Obesity can have serious effects on children’s health, educational achievements, and overall quality of life. In 2014, a UNICEF-WHO-World Bank joint report estimated that 41 million children under 5 were overweight or obese. Globalization and urbanization mean that many children are growing up in obesogenic environments and that the prevalence of childhood obesity is increasing, particularly in low- and middle-income countries.

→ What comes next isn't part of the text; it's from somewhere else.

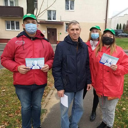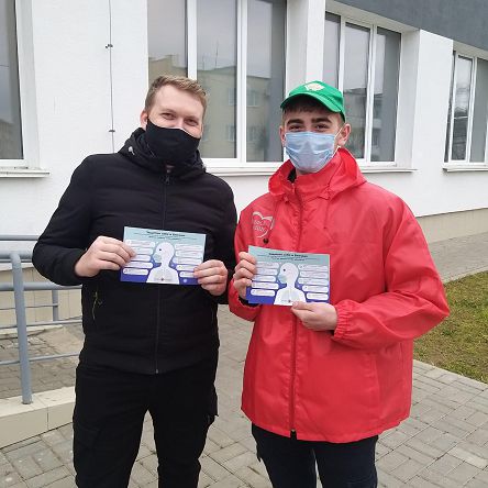 Валанцёры Ляхавіцкага аграрнага каледжа працуюць у месцах масавага знаходжання людзей. Мэта такой вахты, расказвае першы сакратар райкама БРСМ Дар’я Марозава, – інфармацыйна-прафілактычная: нагадаць землякам пра неабходнасць выканання санітарна-эпідэміялагічных правілаў і пра плюсы вакцынацыі. У дадатак да карыснай размовы юнакі і дзяўчаты ўручаюць прахожым тэматычныя памяткі, дзе падрабязна выкла-дзена, як абараніць сябе і сваіх блізкіх ад захворвання.

This week, the World Health Organization (WHO) Commission on Ending Childhood Obesity (ECHO) released its final report: Ending Childhood Obesity. The ECHO report stresses the importance of a comprehensive and integrated approach to addressing childhood obesity, which includes medical interventions, public education campaigns, and laws and regulations. Today, I’ll consider the role that laws and regulations can play in reversing the shift towards obesogenic environments and addressing the alarming levels of childhood obesity facing communities all over the world.
The Commission on Ending Childhood Obesity
The final report is the culmination of a 2 year process during which 15 commissioners reached a consensus on the interventions most likely to effectively tackle childhood overweight and obesity in different contexts across the globe. The commission was supported by two working groups focused on the science and evidence and implementation, monitoring, and accountability.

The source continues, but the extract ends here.